[Records to use]

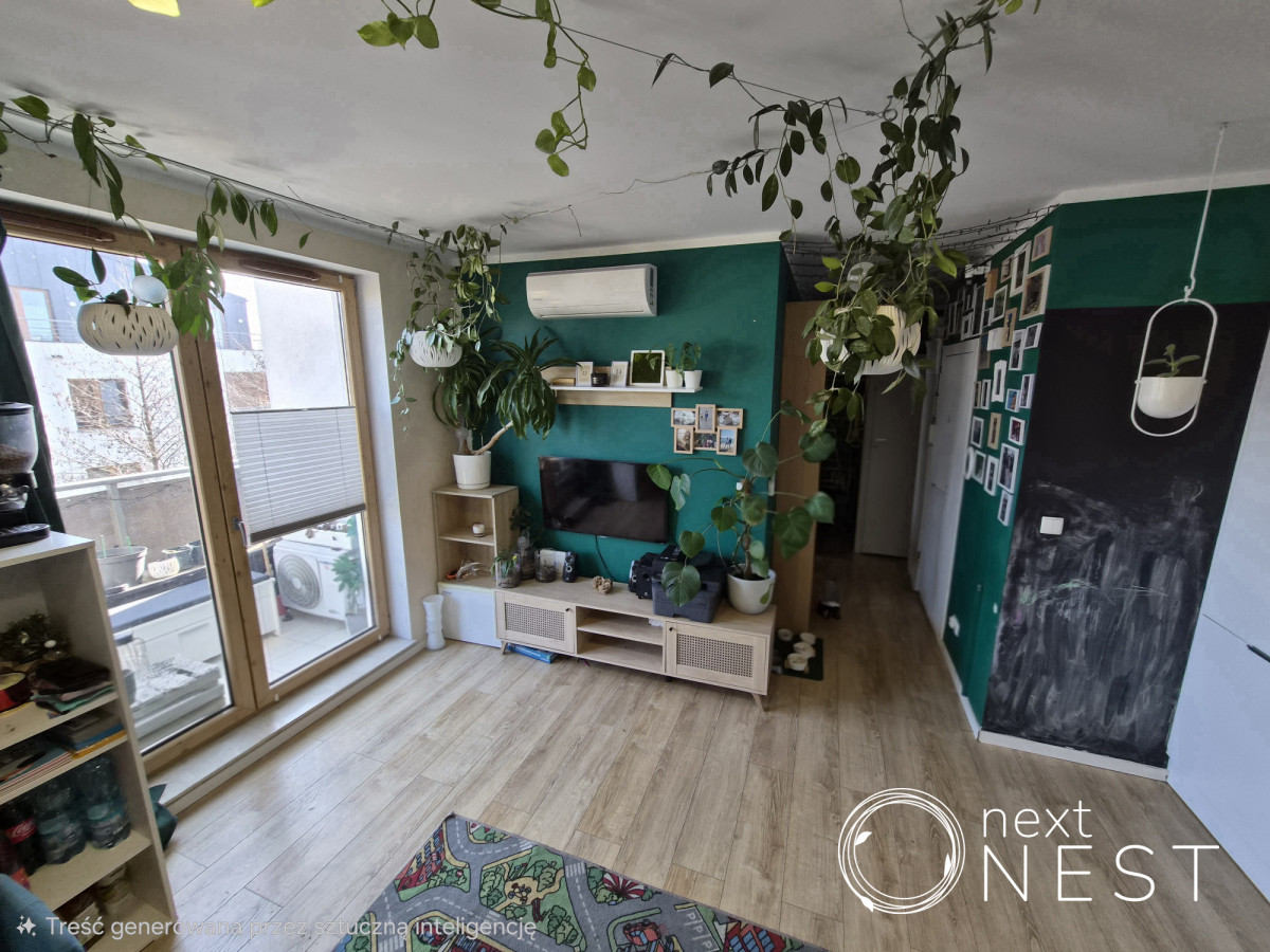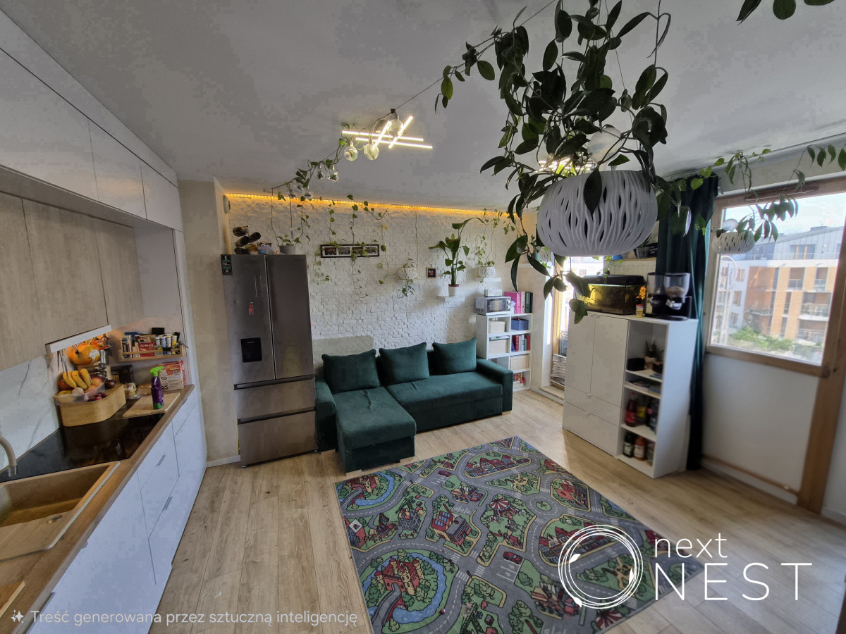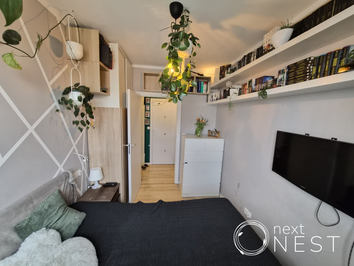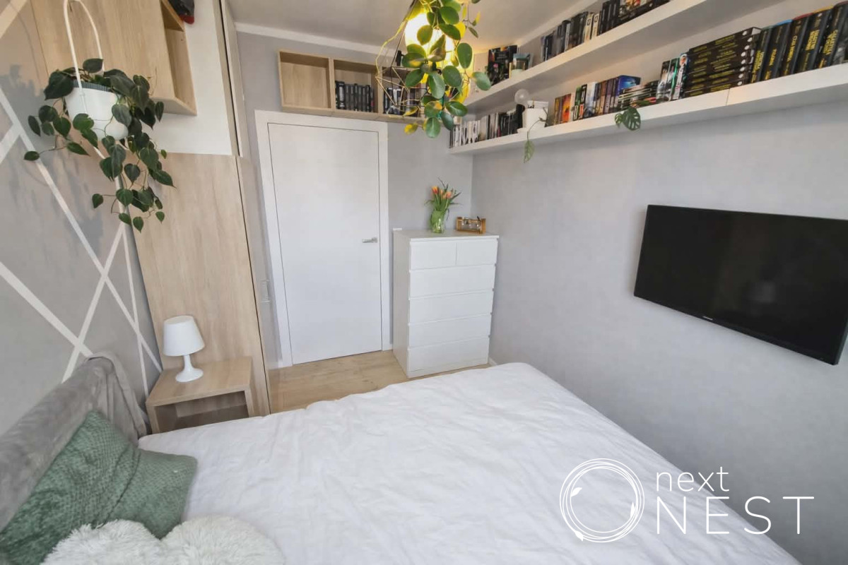 Mieszkanie składa się z salonu połączonego z kuchnią, dwóch sypialni, łazienki, oddzielnego wc i przedpokoju. Z salonu można wyjść na duży balkon.
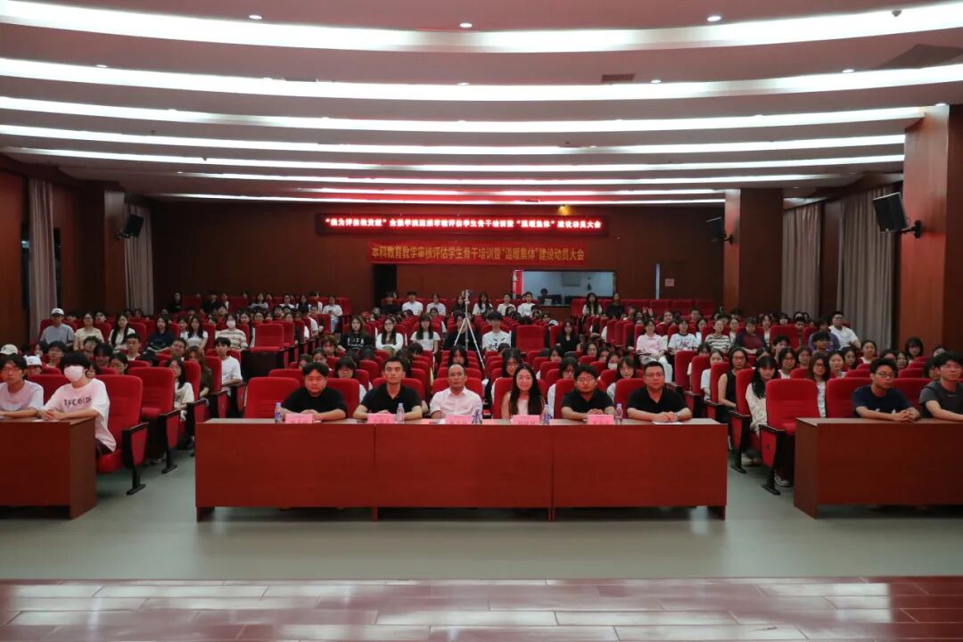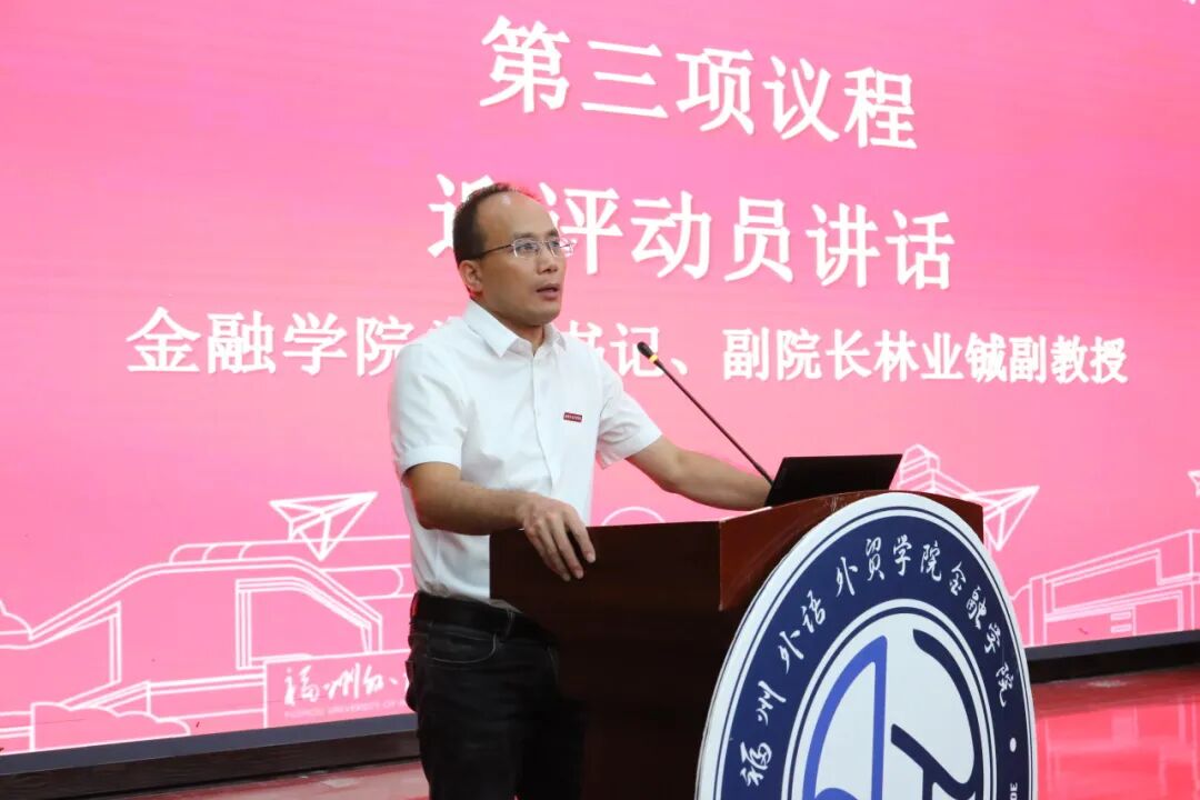 为迎接教育部新一轮本科教育教学审核评估,凝聚全院学生共识、激发迎评热情,我院于10月16日晚在长乐校区学术报告厅召开以“我为评估做贡献”为主题的金融学院迎接审核评估学生骨干培训暨“温暖集体”建设动员大会。学院党委书记、副院长林业铖,全体辅导员、长乐校区各年级学生骨干现场参加大会,滨海校区全体新生以线上直播方式观看学习。办公室副主任、团委书记刘栩彬主持会议。
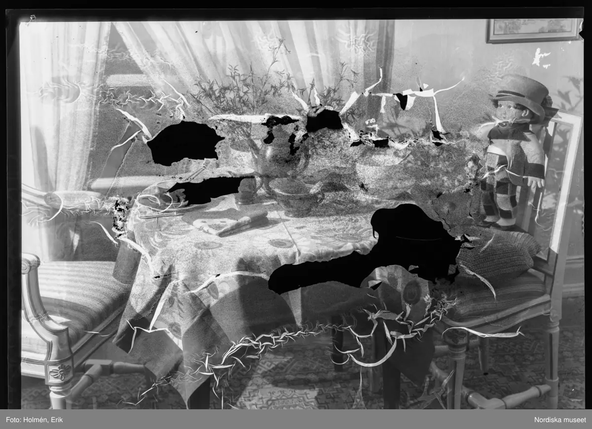 Interiörer och närbilder från utställning. Fotografens förteckning/ anteckning: Dukade bord
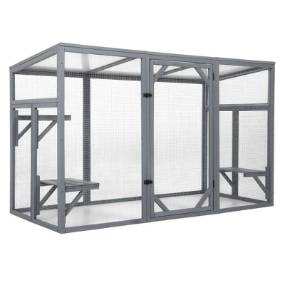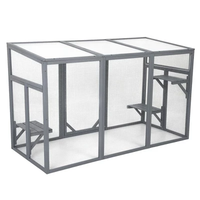 - Crafted from high-quality cedar and bite-resistant galvanized mesh, this Patio Cat Catio House with 3 Platforms is built to withstand various weather conditions and protect your pets from predators, ensuring long-lasting use and security.
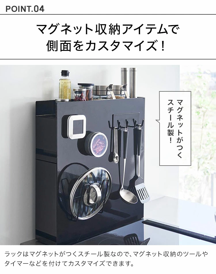 【隠せる調味料ラック 2段】油はねで調味料が汚れるのを防ぐ大容量の2段ラック。コンロ周りに溢れている調味料類の一括収納が叶います。上段にはスパイスなどの小さい調味料、下段には醤油や油などの液体調味料がたっぷり入ります。最上段には高さのある細々とした調味料やお塩や砂糖を入れたストッカーなどの収納に便利。表面はツルッとした光沢のある素材でお手入れも楽ちん!1つあるだけでコンロ周りが一気にすっきりしますよ♪
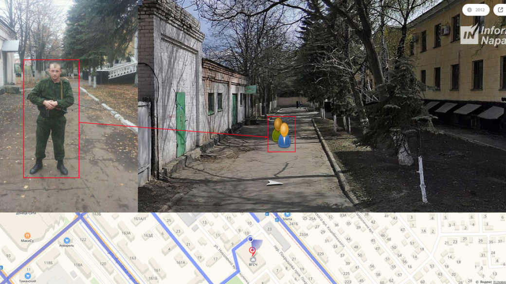 Волонтеры выяснили, что он стоит возле здания по адресу г. Донецк, переулок Покрышева, 23. Кроме того, Синявский сфотографировался неподалеку, на территории военизированной горно-спасательной части, адрес: Донецк, улица Николенко, 7, где фиксировалось присутствие не менее 4 подразделений ВС РФ: 18-й ОМСБр (1, 2), 66-й бригады связи, 33-й ОМСБр и, как свидетельствуют новые доказательства, 34-й ОМСБр горной.
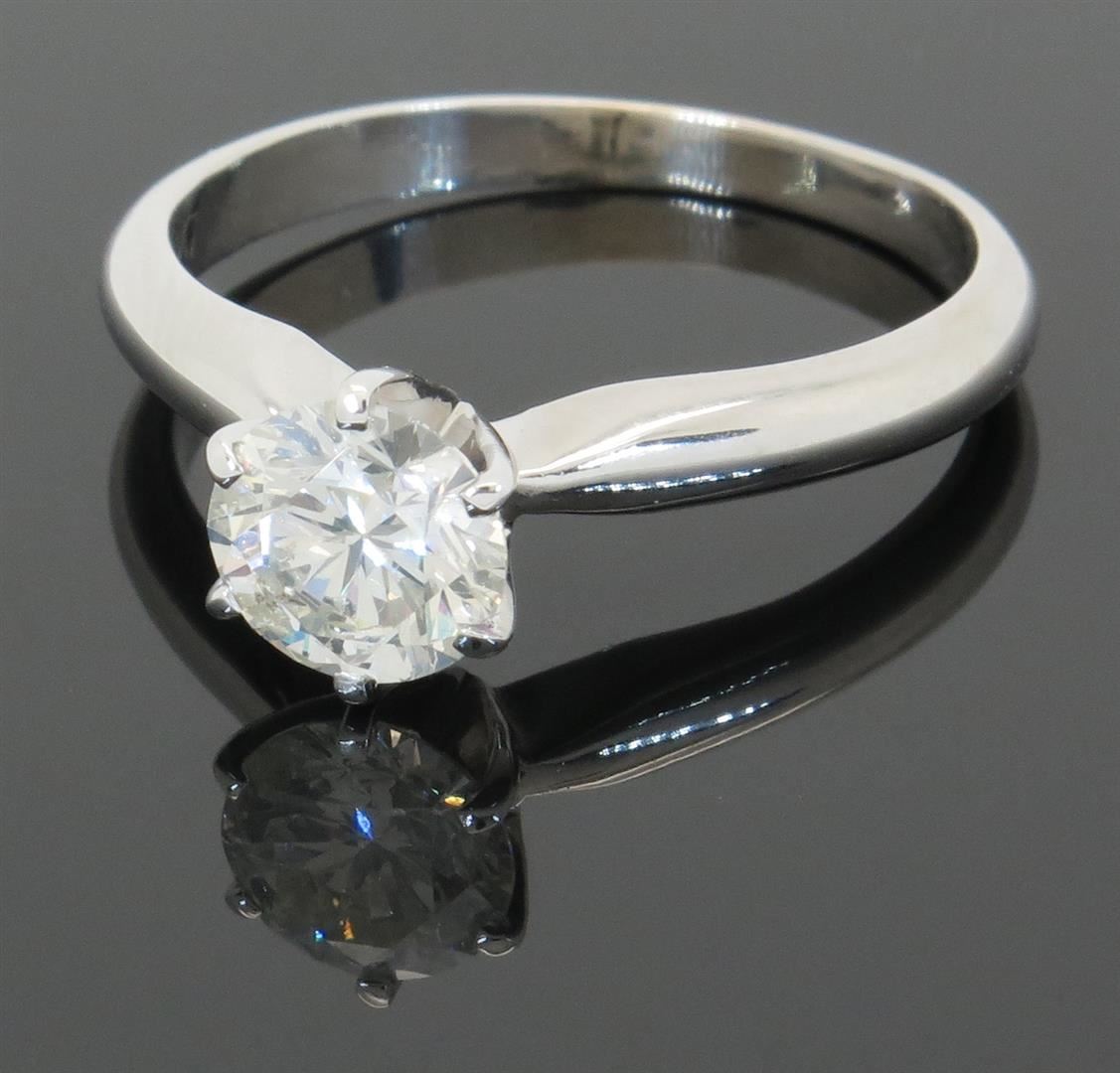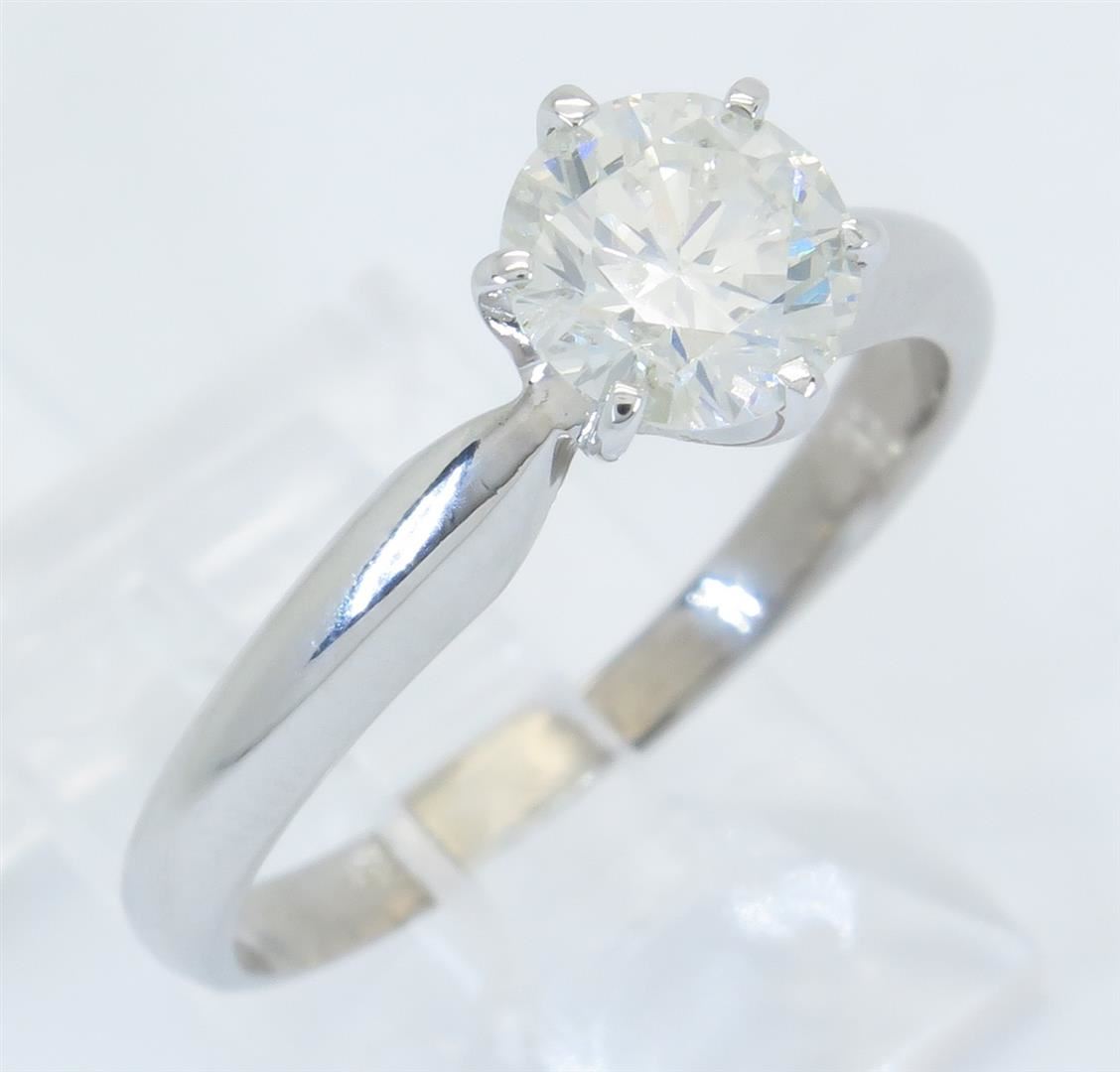 One tested 14K white gold certified diamond ring. Containing: One IGI Certified Round Brilliant Cut Diamond. Approximate size: 1.17CT, Clarity: I1-I2, Color: H-I. Diamonds are graded in the mounting, unless otherwise stated. Weight: 3.6 grams. Size: 8.5 IGI Appraised at $4,425.00.

[/Records to use]

### Task to complete
Only one thing is required here: an exact copy of the lines from the one bearing "Interiörer och närbilder" through the final line above, both included, with pictures left out.

### Task output
 Interiörer och närbilder från utställning. Fotografens förteckning/ anteckning: Dukade bord
 - Crafted from high-quality cedar and bite-resistant galvanized mesh, this Patio Cat Catio House with 3 Platforms is built to withstand various weather conditions and protect your pets from predators, ensuring long-lasting use and security.
 【隠せる調味料ラック 2段】油はねで調味料が汚れるのを防ぐ大容量の2段ラック。コンロ周りに溢れている調味料類の一括収納が叶います。上段にはスパイスなどの小さい調味料、下段には醤油や油などの液体調味料がたっぷり入ります。最上段には高さのある細々とした調味料やお塩や砂糖を入れたストッカーなどの収納に便利。表面はツルッとした光沢のある素材でお手入れも楽ちん!1つあるだけでコンロ周りが一気にすっきりしますよ♪
 Волонтеры выяснили, что он стоит возле здания по адресу г. Донецк, переулок Покрышева, 23. Кроме того, Синявский сфотографировался неподалеку, на территории военизированной горно-спасательной части, адрес: Донецк, улица Николенко, 7, где фиксировалось присутствие не менее 4 подразделений ВС РФ: 18-й ОМСБр (1, 2), 66-й бригады связи, 33-й ОМСБр и, как свидетельствуют новые доказательства, 34-й ОМСБр горной.
 One tested 14K white gold certified diamond ring. Containing: One IGI Certified Round Brilliant Cut Diamond. Approximate size: 1.17CT, Clarity: I1-I2, Color: H-I. Diamonds are graded in the mounting, unless otherwise stated. Weight: 3.6 grams. Size: 8.5 IGI Appraised at $4,425.00.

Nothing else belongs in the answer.